Okay, okay–so John and Stephen may have fooled me with the Glenellen, coming so close after the Glenlivet and the Glenfiddich 18, but what do they think I am? A moron? I *know* the difference between a gazelle and a glass of scotch, thank you very much. Oh—what? Oops…
The Springbank 15 (50 ml airline bottle*)
It’s like apricots and Macoun apples, dried and pressed firmly into a bright white cup–say, a Glencairn dentist spit cup. A nose like a leprosy infection on a body you’d die for: okay, maybe just suggestive of a powerful cure for gingivitis. Floral, sweet, iodine: an orchid preserved in a polyurethane bowling ball custom made for the Kingpin.

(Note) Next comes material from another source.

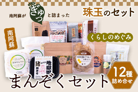 熊本県南阿蘇村 南阿蘇くらしのめぐみ「まんぞくセット」《30日以内に順次出荷(土日祝除く)》熊本県 南阿蘇村 合資会社井手商店 味噌 こしひかり そば コーヒー ほうじ茶 せんべい 古代米 21,000円 出典:ふるなび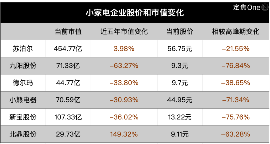 其中既有行業(yè)巨頭蘇泊爾和九陽(yáng),也有網(wǎng)紅小家電品牌小熊電器和北鼎,還有知名代工企業(yè)新寶股份(旗下有摩飛)和德?tīng)柆敚樾∶状ぃ。另外,美的和海爾也是小家電行業(yè)的重磅玩家,但因?yàn)闆](méi)有單獨(dú)披露相關(guān)業(yè)績(jī)數(shù)據(jù),暫時(shí)沒(méi)有列入統(tǒng)計(jì)。

Anise and eucalyptus, evoking a party of koalas roused from their normal cranky torpor into lapping barrels outfitted with alternating oak and elm staves. It’s the world’s best cough syrup, soothing the throat of the high school delinquent, who wasn’t really sick, but successfully managed to fool his mom. Powerful enough that you’d volunteer at a child care facility and never feel the need to wash your hands, even during flu season.
The finish? Merely a stroll past an apiarist’s yard to the house that burned down a week ago, all the remaining durable valuables looted, but a pervasive, refined smell of toasted, expensive objets d’art mingles with the warmed royal jelly. Maybe a flower made from pixie sticks? No, the finest maple syrup served on pancakes at Zeus’ banquet on Mount Olympus.
The Springbank 15 is the Inverted Jenny stamp–Super rare, essentially priceless, and the pilot never fell out. ‘Cuz it’s just a picture, okay?